Chalk It Up To Experience

Should we ask for our blackboards back?

Some teachers will only have ever taught in classrooms with a dry whiteboard or interactive whiteboard. This isn’t necessarily related to age either.

It might be easy to think that all ‘new’ teachers won’t know any different but this does depend on where you teach.

Some schools ‘still’ use chalkboards. Even saying that sounds all Dickensian but it’s true, chalkboards are still a feature in some teacher’s lives and they want them preserved for future generations.

An article appeared recently in the TES recently by Eimer C Page, director of global initiatives at Phillips Exeter Academy in New Hampshire in the US. Eimer uses “slate boards that cover an entire long wall” of her classroom, something that has been there since the 1930s. Apparently these chalkboards are pretty much all over the Academy except for the science building.

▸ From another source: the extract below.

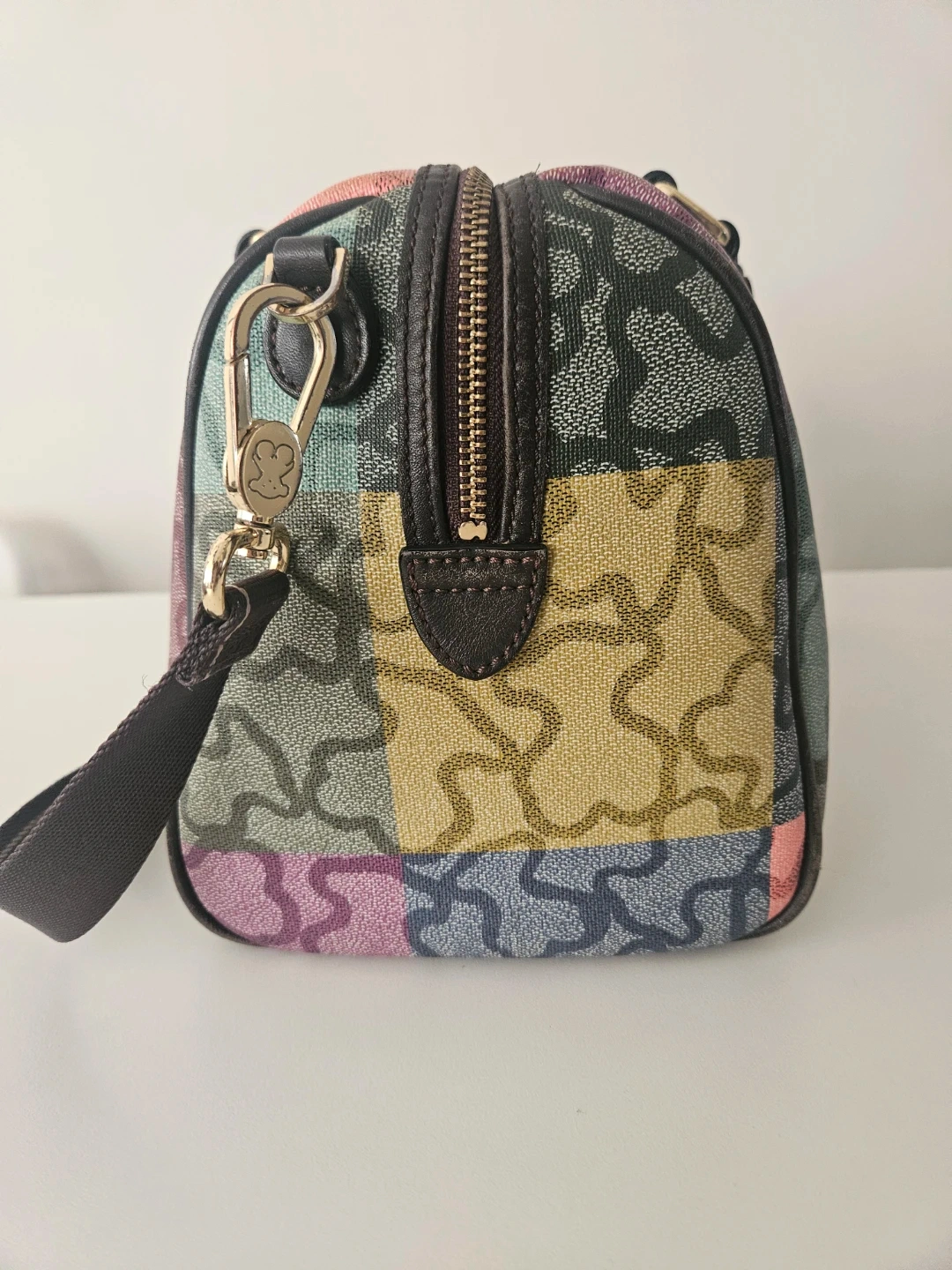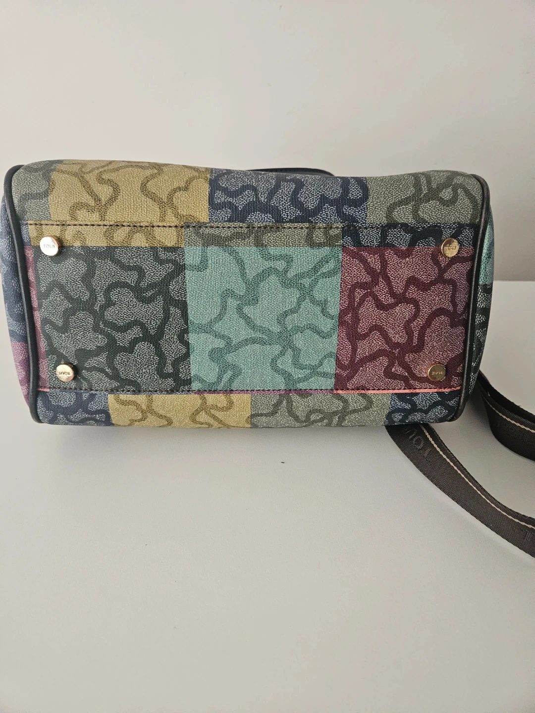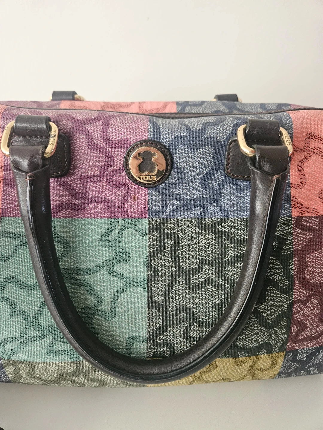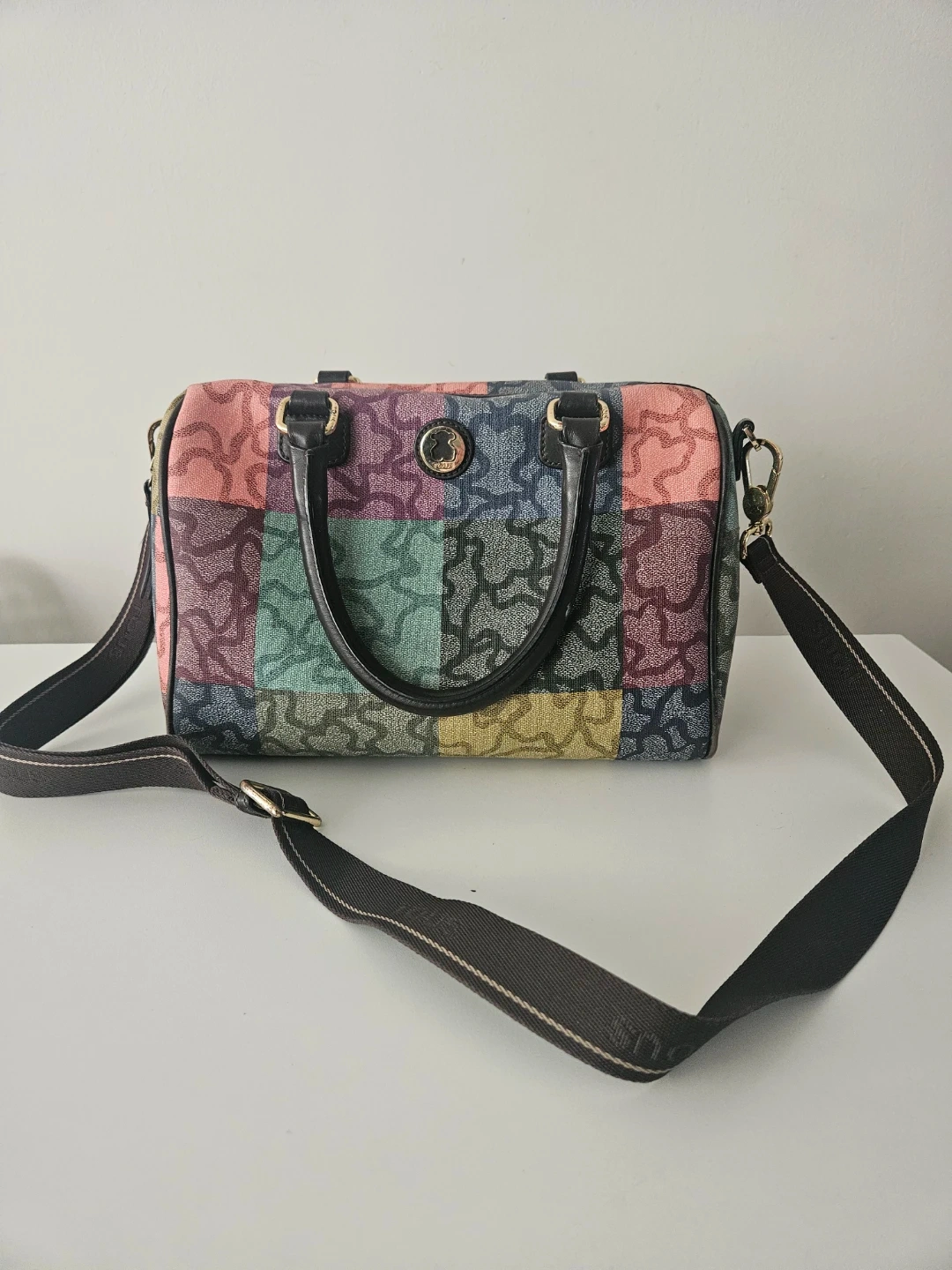 This Tous satchel bag features a colourful patchwork design with the signature bear logo pattern. It has leather handles and a removable shoulder strap. This bag is made with durable canvas material. It's perfect for everyday use!

Clearly Eimer thinks that the blackboard is great and notes how they can be used for collaborative thinking spaces (which its cousin, the whiteboard, could also do). She says that the blackboards can be the space where students can “demonstrate their preparation” (which a whiteboard could also do).

Beyond this Eimer grasps around a bit and then resorts to saying that if there is a power cut and the internet goes down then no worries, you can just “carry on” (which you could also do with a whiteboard).

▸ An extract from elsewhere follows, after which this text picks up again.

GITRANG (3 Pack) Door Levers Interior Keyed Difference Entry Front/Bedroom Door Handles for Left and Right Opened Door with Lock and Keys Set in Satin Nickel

I can only presume that Eimer and her colleagues use some magic chalk or they wear face masks and get students to sit 25m away from the board. I think that because it has been proven that chalk dust is harmful to our health and we really shouldn’t be mucking about with chalkboards anymore. Hanging on to nostalgia or saying they chalkboards are a collaborative space for thinking is nice but it’s not clever.

Barrett et al (2015) note, “Children are particularly vulnerable to all types of pollutants because their breathing and metabolic rates are high. In a school they also have much less volume each owing to high occupancy density.”

Schools that use chalkboards are potentially harming their students and staff and “teachers brave the greatest direct risk.

Nikam and Hirkani (2013) spell it out:

“We can conclude from this study that teachers using chalk and board are at an increased risk of developing occupationally related pulmonary function impairments (airflow obstruction) and hence need to shift from routine chalk and board to marker and whiteboard.”

Chalk dust affects indoor air quality and we breathe it in. That’s not great for respiration, especially day in and day out over the year. If you have asthmatic students, they will tell you.

Chi-Chi Lin et al (2015) found that “Although using chalkboards in the classroom is a traditional and effective teaching method, chalk generates a large amount of airborne dust, and particularly submicrometer dust and nanoparticles that can penetrate into the respiratory system.”

Will blackboards or greenboards ever become obsolete? You’d certainly hope so but if there are people out there that are seduced by nostalgia and their “simplicity, effectiveness, economy and ease of use” then I’m afraid we will still have students and teachers coughing and choking on harmful dust. What’s more worrying is that we seem to be stepping backwards and some schools are raving about using mini-chalkboards for their children without any mention of the harmful effects of chalk dust.

So dust is the enemy, the chalkboard itself is fine, isn’t it? Well, in some parts of the world, the covering of the blackboard definitely is a health risk too. In Ghana, blackboards are painted with paint made from old car batteries.

Can we please just stick to using whiteboards. Schools should be slated for still using chalkboards when they have been proven to do harm. Doing harm isn’t what education is supposed to be about. Let’s allow the dust to settle and use what’s safe.